В терминологии, которая совпадала с формулировками Гакстгаузена, Дональда Маккензи Уоллеса и других европейских исследователей сельской России, американские дипломаты и чиновники по оказанию помощи часто связывали голод с такими чертами характера русских, как лень и покорность. Эта логика перекликалась с логикой американских реформаторов города. По словам одного историка, эти реформаторы возлагали вину за бедность на «моральные изъяны и недостатки характера бедных» [Boyer 1978: 41]. Два представителя Америки в Санкт-Петербурге, Чарльз Эмори Смит (1890–1892) и Эндрю Диксон Уайт (1892–1894), подразумевали, что причины и последствия голода коренятся в недостатках крестьян. Уайт, первый президент Корнеллского университета (1868) и Американской исторической ассоциации (1884), начал свою выдающуюся карьеру, написав о России. После окончания колледжа в 1853 году он и его друг (Дэниэл Койт Гилман, впоследствии президент-основатель Университета Джонса Хопкинса) работали вместе в американском представительстве в Санкт-Петербурге. Проживая в российской столице в 1850-х годах, Уайт быстро невзлюбил принимающую его страну. В личной переписке он критиковал имперский режим: «Нет правительства, которое было бы настолько варварским <…> разве что его можно найти среди ранних азиатских монархий» [Altschuler 1979: 32; White 1896, 1: 38]. Хотя он, подобно американским реформаторам, был готов обвинять самих бедных в их положении, Россию он рассматривал как особый случай.

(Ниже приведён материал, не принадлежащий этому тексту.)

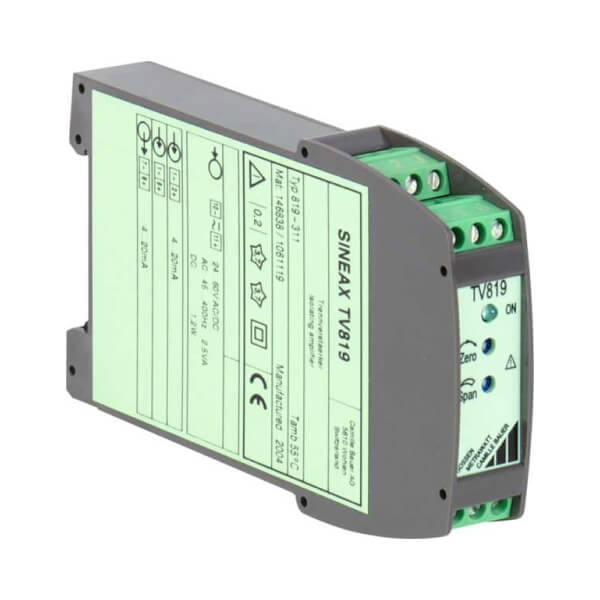 Mục đích của bộ khuếch đại cách ly SINEAX TV 819 là để cách điện các tín hiệu đầu vào và đầu ra, tương ứng để khuếch đại và / hoặc thay đổi mức hoặc loại tín hiệu (dòng điện hoặc điện áp) của tín hiệu đầu vào. SINEAX TV 819 nhỏ gọn cung cấp nhiều lựa chọn phạm vi đầu vào và đầu ra mà người dùng có thể xác định được bằng các jumper và chiết áp.
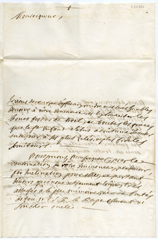 Lettera di Bonnet indegno prete al cardinale Annibale Albani (1729 dicembre 1)
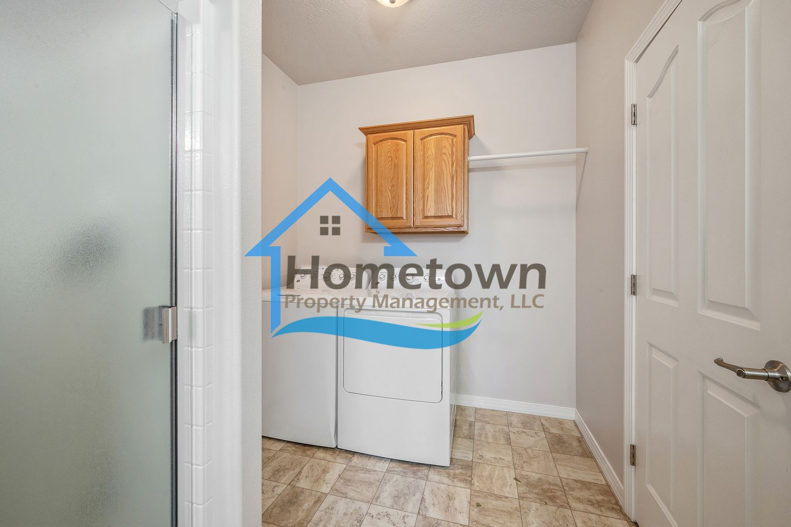 The family room, located next to the dining area, includes a storage closet and access to the guest bathroom, which also serves as the laundry room with washer and dryer hookups. Upstairs, the master bedroom includes a walk-in closet and a private full bathroom with a tub and shower combination and a vanity with storage. Across the hall, two guest bedrooms feature double-door closets and windows overlooking the front yard.
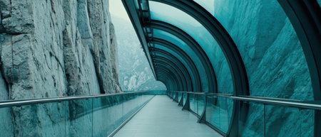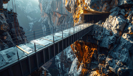 A walkway made of glass stretches along a mountain edge. The path is surrounded by steep rock formations and has a clear view of the landscape.
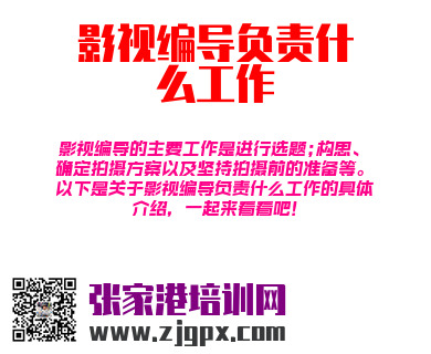 影视编导的主要工作是进行选题;构思、确定拍摄方案以及坚持拍摄前的准备等。以下是关于影视编导负责什么工作的具体介绍,一起来看看吧!

Уайт пребывал в России перед Великими реформами, крупными преобразованиями в политической и экономической жизни страны, предпринятыми царем-освободителем Александром II54. После поражения в Крымской войне 1855 года в России было проведено тщательное изучение социальных и политических институтов. К концу 1850-х годов особое внимание стали уделять вопросу о крепостном праве. По мере того как российская элита обдумывала реформу этого института, последнего пережитка феодализма в крупной европейской державе, на первый план выходили вопросы будущего России. Отмена крепостного права в 1861 году обещала большие перемены в российском обществе, но эти обещания не были выполнены. Сельские жители избавились от статуса крепостных, но тем не менее страдали от огромных долгов в форме выкупных платежей, призванных возместить помещикам потерю их имущества. Они предлагали все что угодно, кроме выкупа для бывших крепостных, которые столкнулись с серьезными ограничениями экономических возможностей. Кроме того, указы об отмене крепостного права наделили крестьянскую общину контролем над землей и трудом.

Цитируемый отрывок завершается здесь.